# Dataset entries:
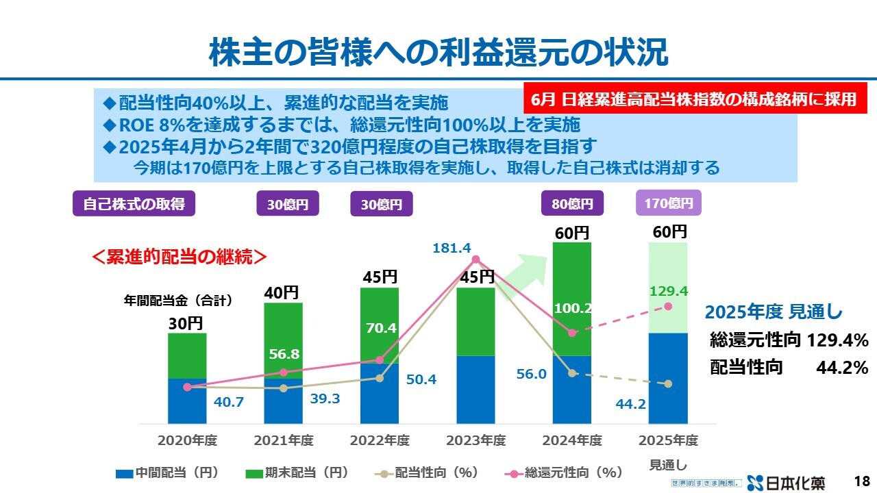 今年度は、配当性向が44.2パーセント、総還元性向が129.4パーセントとなる見通しです。配当金は昨年同様、1株あたり60円を維持する予定です。
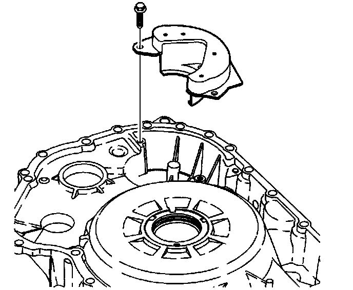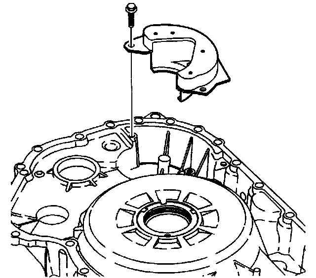 12. Remove the 3 bolts and the transmission fluid baffle from the torque converter and differential housing assembly.
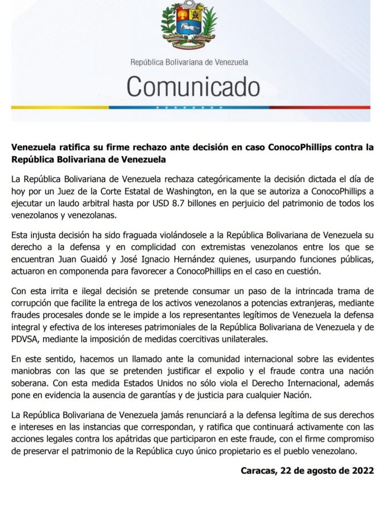 El gobierno de Nicolás Maduro rechazó este lunes el fallo de un juez de Estados Unidos a favor de la empresa ConocoPhilles, en la que ordena al país el pago de $ 8.700 millones por expropiaciones.
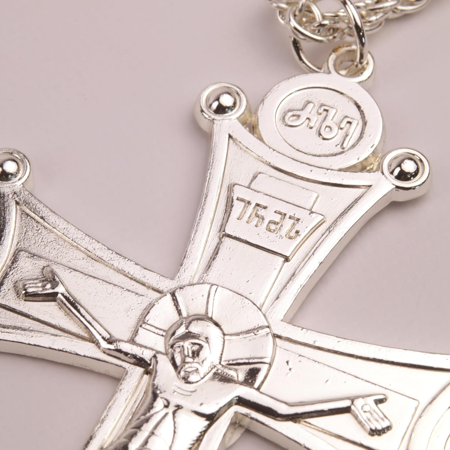 Silver Plated Pectoral Cross – Brass Religious Pendant, Catholic Church Supplies, 48 Inches
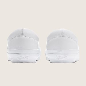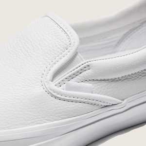 Iconic Slip-On shoeLeather upper for a smooth, durable finishPadded collar for support and comfortElastic side panels for easy slip-on and offHigher sidewall with gloss finishFoxing tape inspired by original 90's Osnaburg reinforced outsolesUpgraded footbed and refined construction combine for a more seamless fitSola Foam ADC (All-Day Comfort) insole for soft and durable cushioningSignature waffle outsole pattern for reliable grip since '66Earns Vans Sustainable Checkerboard Globe with 30% eco materials
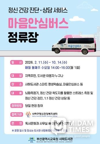 미담타임스 김교환 기자 | 부산광역시립사하도서관은 오는 2월부터 10월까지 매월 둘째 주 수요일마다 도서관 스마트 평생학습실과 마을안심버스에서 지역주민을 대상으로 ‘마을안심버스 정류장’을 운영한다.
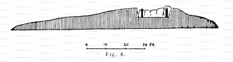 Trial holes were made in various parts of the mound to ascertain if there had ever been anything in the nature of a retaining wall, surrounding upright stones, or a ditch, but nothing of the sort was disclosed. A number of large upright slabs facing east and west were found on the north side of the axis at the narrow end of the mound, about 4 ft. apart, which appear to have only answered the purpose of strengthening the mound. Close to one of these slabs was found a small pocket of stones containing charcoal. Nothing in the nature of a passage-way or approach was discovered leading up to the cist.

# Task instructions:
Your answer should be the lines from the first record down to the line containing "Silver Plated Pectoral", restated exactly, with no pictures.

# Task result:
 今年度は、配当性向が44.2パーセント、総還元性向が129.4パーセントとなる見通しです。配当金は昨年同様、1株あたり60円を維持する予定です。
 12. Remove the 3 bolts and the transmission fluid baffle from the torque converter and differential housing assembly.
 El gobierno de Nicolás Maduro rechazó este lunes el fallo de un juez de Estados Unidos a favor de la empresa ConocoPhilles, en la que ordena al país el pago de $ 8.700 millones por expropiaciones.
 Silver Plated Pectoral Cross – Brass Religious Pendant, Catholic Church Supplies, 48 Inches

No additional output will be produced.